> _Work to be completed_
When you reach the line with "Jupe en jean" in the records below, begin transcribing exactly and continue up to and including the line with "بعد قصفها من", leaving out every picture.
[Source data — start]
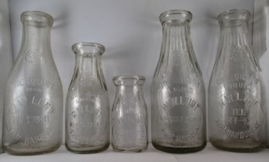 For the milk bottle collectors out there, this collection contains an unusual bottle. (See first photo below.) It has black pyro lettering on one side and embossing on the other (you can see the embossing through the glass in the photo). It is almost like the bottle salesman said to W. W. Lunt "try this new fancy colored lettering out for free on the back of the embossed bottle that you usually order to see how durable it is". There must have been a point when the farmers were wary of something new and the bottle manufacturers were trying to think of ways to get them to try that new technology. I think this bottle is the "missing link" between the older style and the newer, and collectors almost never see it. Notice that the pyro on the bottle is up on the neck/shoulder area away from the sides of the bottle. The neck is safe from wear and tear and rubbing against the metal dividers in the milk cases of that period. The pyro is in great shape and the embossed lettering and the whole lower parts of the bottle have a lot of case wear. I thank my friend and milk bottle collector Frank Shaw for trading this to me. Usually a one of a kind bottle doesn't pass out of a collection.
[Source data — finish]
[Source data — start]
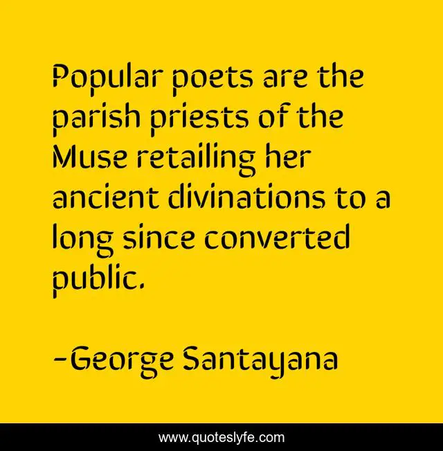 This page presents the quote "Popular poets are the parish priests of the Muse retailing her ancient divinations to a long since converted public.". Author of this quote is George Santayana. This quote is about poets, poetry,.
[Source data — finish]
[Source data — start]
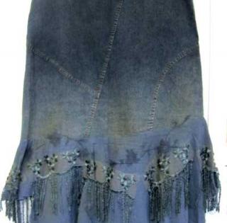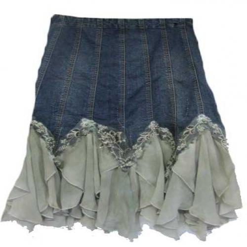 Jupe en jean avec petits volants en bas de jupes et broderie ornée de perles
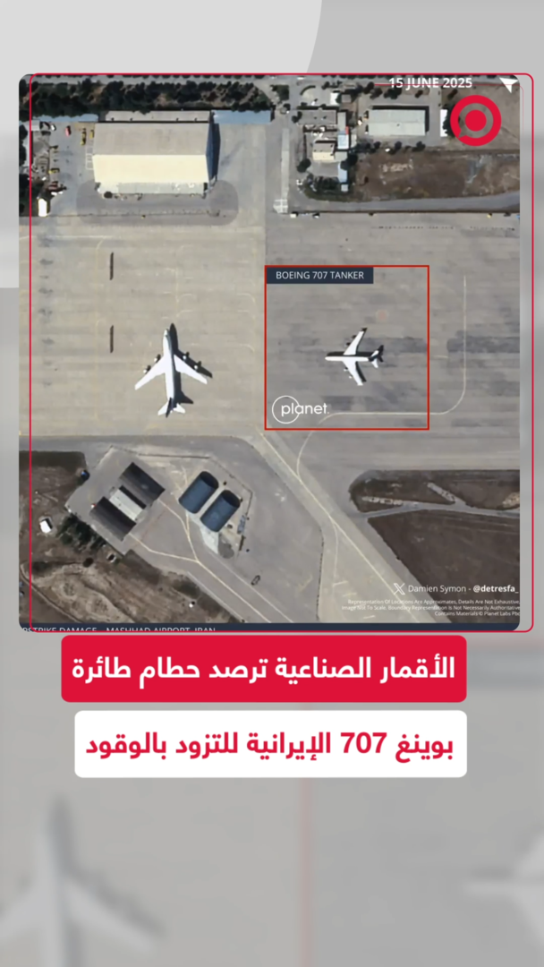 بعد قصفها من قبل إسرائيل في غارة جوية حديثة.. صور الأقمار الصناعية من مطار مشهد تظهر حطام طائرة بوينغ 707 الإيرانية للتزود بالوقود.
[Source data — finish]
> _Task output_
 Jupe en jean avec petits volants en bas de jupes et broderie ornée de perles
 بعد قصفها من قبل إسرائيل في غارة جوية حديثة.. صور الأقمار الصناعية من مطار مشهد تظهر حطام طائرة بوينغ 707 الإيرانية للتزود بالوقود.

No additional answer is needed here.